Как показывает анализ практики ЕСПЧ, наиболее тщательное внимание фактическим обстоятельствам дела Суд уделяет в случаях, когда тело умершего находится в распоряжении властей и оно удерживается для целей уголовного судопроизводства либо смерть наступает в государственном медицинском учреждении. Кроме того, с целью установления факта нарушения положений Конвенции зачастую детально изучаются материалы дела и в ситуации, когда правом на участие в похоронах стремятся воспользоваться лица, отбывающие наказание в виде лишения свободы.

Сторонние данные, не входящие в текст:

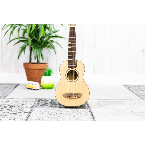De Ortega RUTI-SO Timber Series is een sopraan ukulele met een massief cederhouten top. Dit komt de warmte en de volheid van de klank zeer ten goede. De ukulele heeft een klassieke en minimalistische look en bar inlays op de hals. De RUTI-SO is mat gelakt afgewerkt. De Timber series ukuleles zijn bedoeld voor muzikanten die op zoek zijn naar een instrument met goede speel - en klankeigenschappen.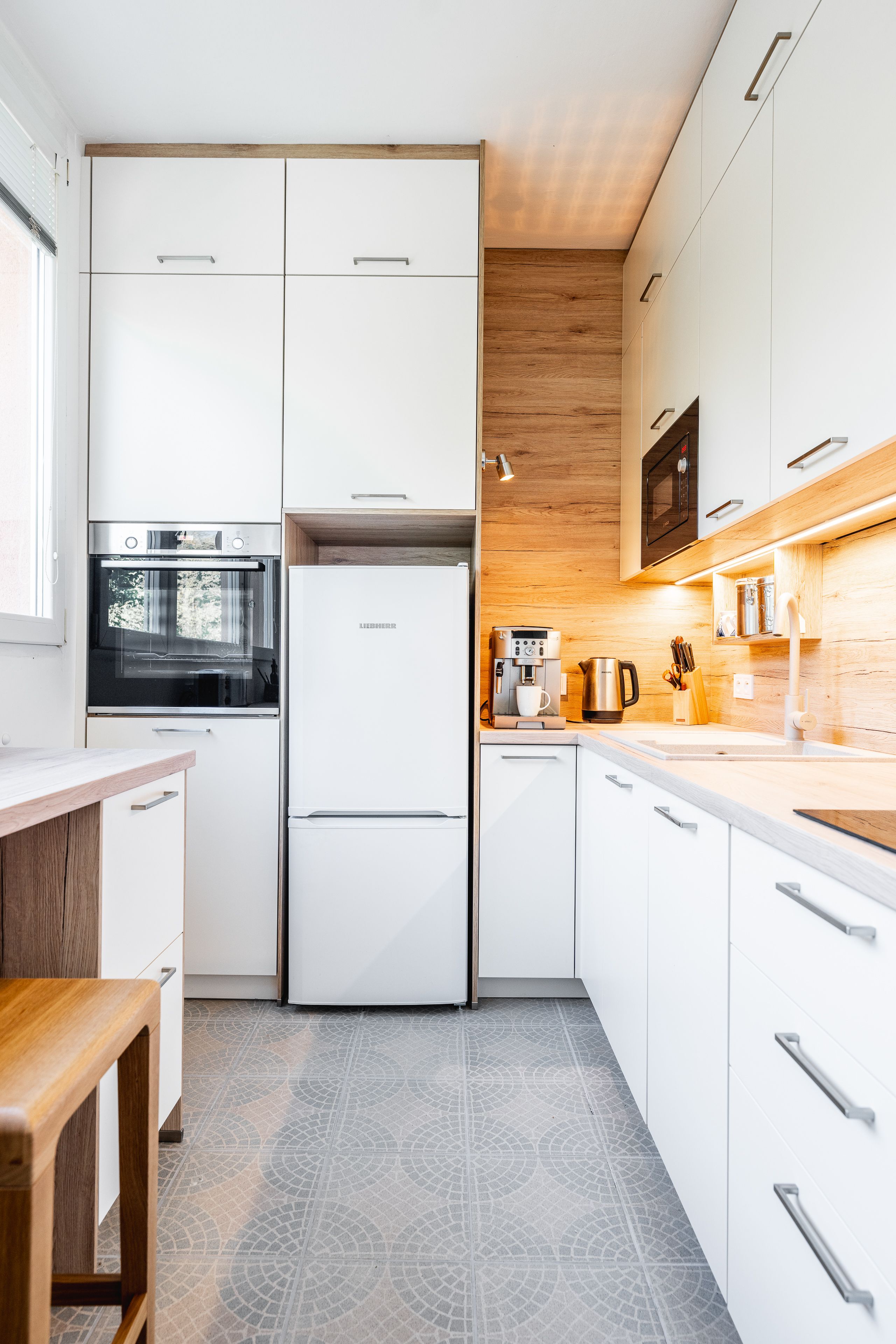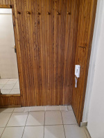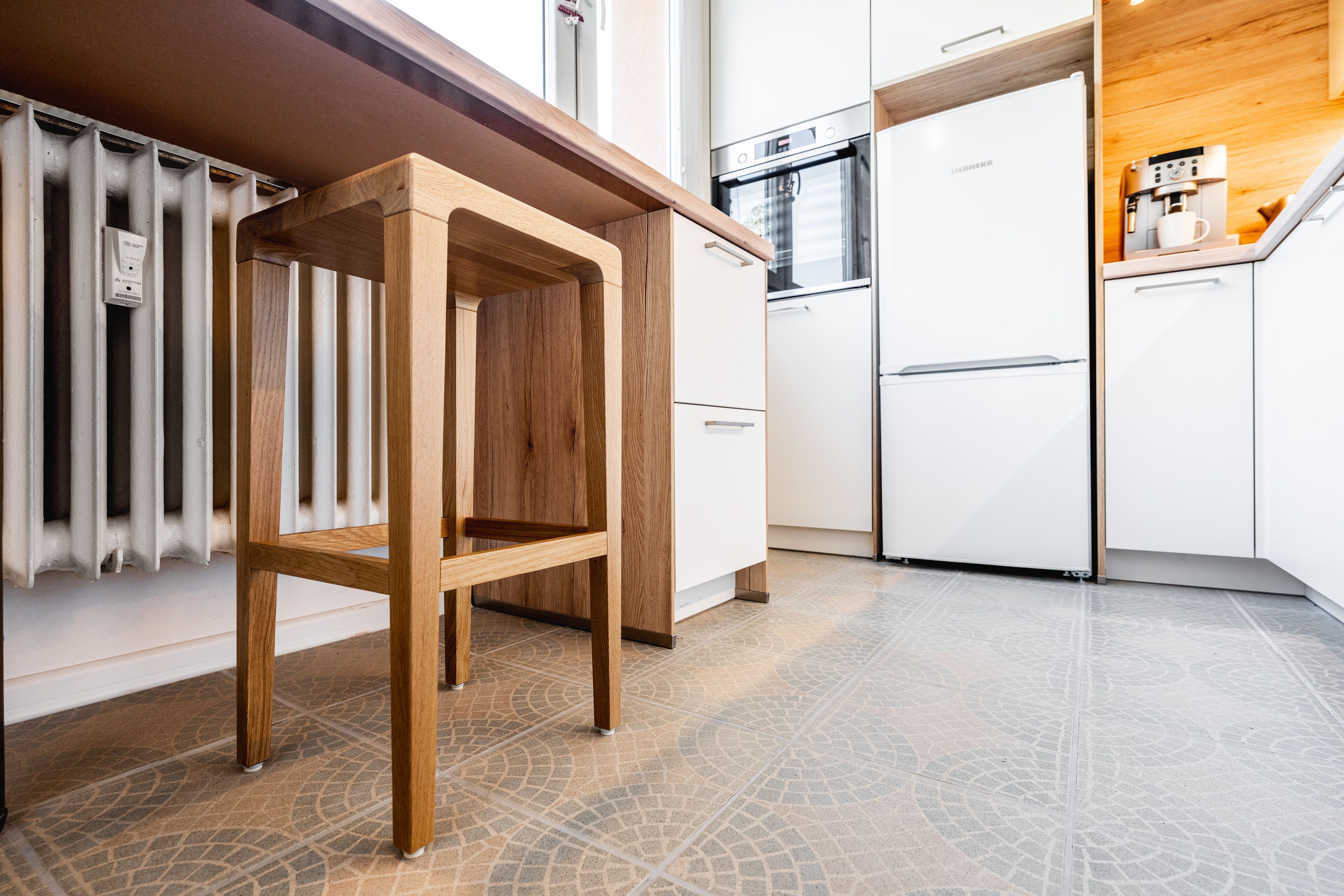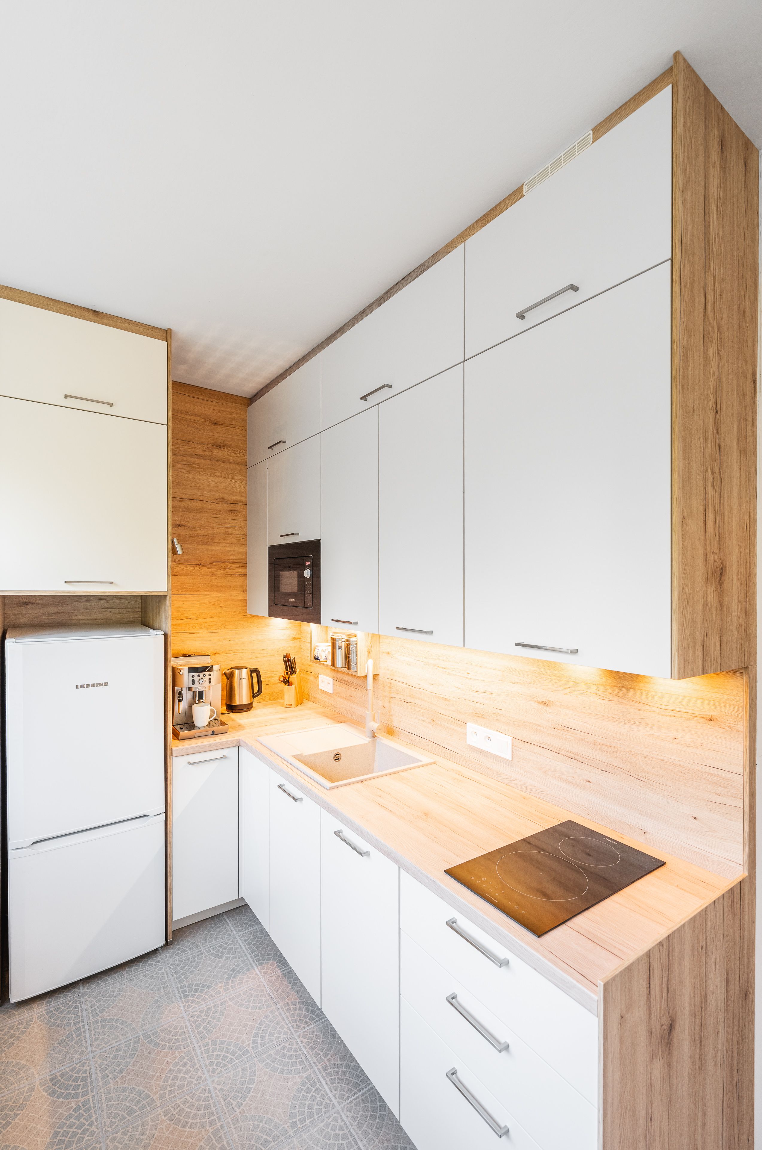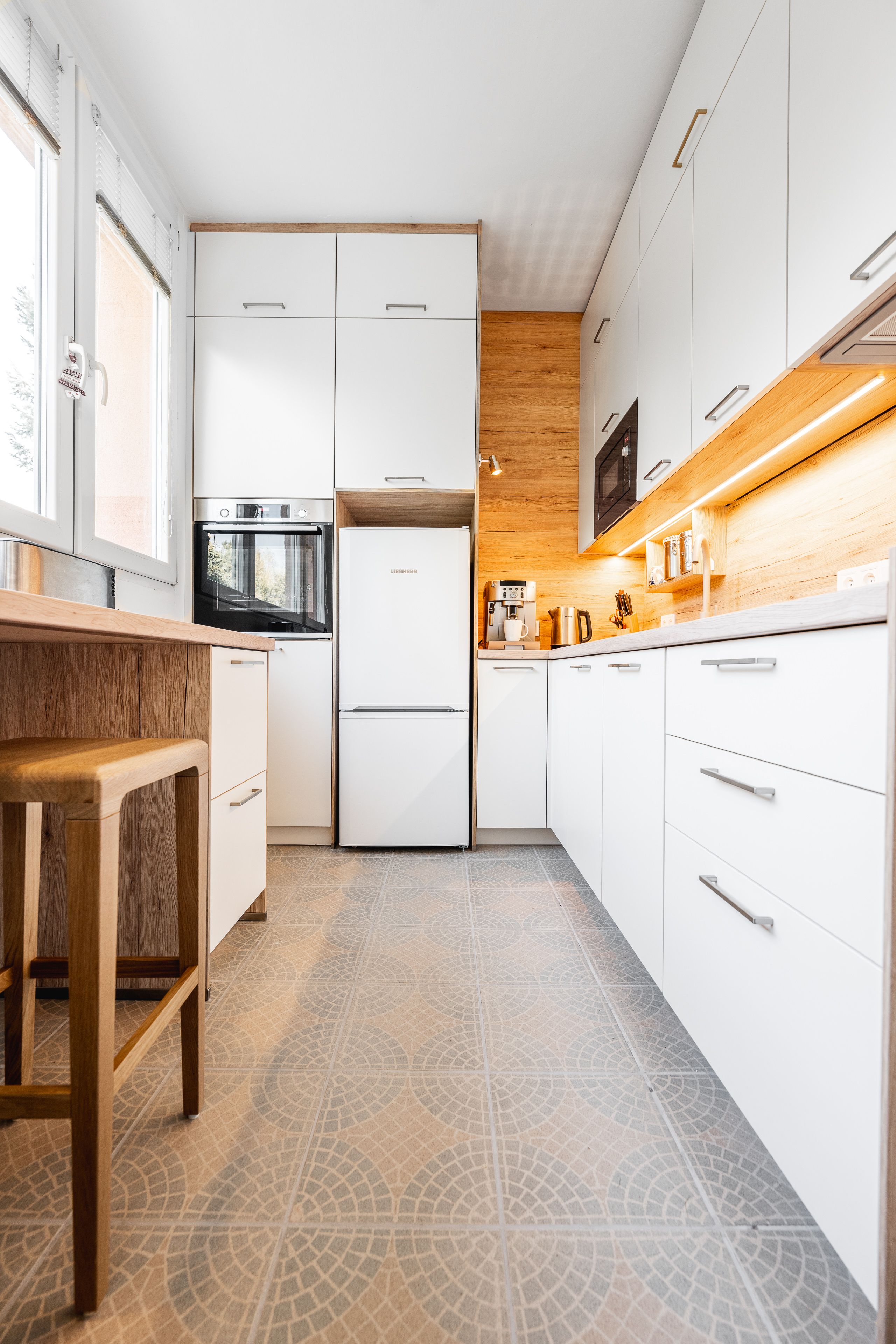 Klientka zakoupila byt částečně i s původním nábytkem, kde bylo potřeba byt vyklidit, stavebně poupravit a zmodernizovat. Klientka měla představu nové kuchyně, nových úložných prostor v předsíni a vybavit a zařídit ložnici. V předsíni a kuchyni byla stávající dlažba, kterou se paní rozhodla ponechat. Stavební úpravy a instalační přípravu prováděla firma Rekostavby Pavlíček, navrhli klientce přespárování a vyčistění stávající dlažby :)

Например, по делу «Паннулло и Форте против Франции» ЕСПЧ установил, что тело ребенка заявителей, умершего во время пребывания в больнице, удерживалось властями около семи месяцев для целей уголовного преследования медицинских работников, при этом родителям также в течение этого времени не выдали даже свидетельство о смерти. Рассмотрев данный кейс, Суд признал бездействие властей Франции необоснованным и возложил обязанность принять меры, направленные на предотвращение нарушений. Позиция ЕСПЧ основывалась на содержании письма о причине смерти ребенка, направленного экспертом в прокуратуру в день вскрытия, согласно которому после вскрытия и забора тканей тело могло быть передано семье. Экспертное мнение было предоставлено следственному судье, который тем не менее приостановил выдачу ордера до получения свидетельства о смерти и тела, ожидая окончательного заключения [4].
В результате можно говорить, что у Суда сложилось мнение, согласно которому длящееся превалирование публичных интересов над частными при выполнении всех необходимых следственных действий является нарушением Конвенции.
Результатом рассмотрения дела «Адри-Вионне против Швейцарии» стало признание ЕСПЧ права родителей на участие в похоронах их мертворожденного ребенка частью права на уважение частной жизни [1]. Согласно материалам дела заявительница, находящаяся в состоянии шока, а также отец ребенка отрицательно ответили на вопрос акушерки относительно того, хотят ли они до вскрытия увидеть тело своего ребенка. Позднее, по решению социального работника и органа ЗАГС, принятому с учетом выраженной родителями воли, возраста плода и психического состояния автора жалобы тело захоронили в общей могиле для мертворожденных детей без церемонии похорон и в отсутствие родителей. Последние были проинформированы о решении только после погребения, что помешало им принять участие в похоронах, равно как и определиться с местом погребения и его формой. Также Суд счел обоснованным довод заявительницы, что тело ребенка перевозилось на кладбище в торговом фургоне, неприспособленном для этих целей.
В аналогичных случаях ЕСПЧ указывает, что праву на уважение частной жизни корреспондирует обязанность государств – участников Конвенции соблюдать волю родителей, имеющую особое значение, поскольку требует высокой степени осторожности и деликатности [11, с. 38].
Таким образом, рассматривая дела по жалобам на нарушение ст. 8 Конвенции, ЕСПЧ достаточно широко трактует термин «частная (личная) жизнь», который включает обширный перечень общественных отношений: связанных с физической, психологической или моральной неприкосновенностью человека, с его физической и социальной индивидуальностью (к примеру, вопросы автономии пациентов медицинских учреждений, признания граждан недееспособными, реализации права на участие в похоронах своих родственников).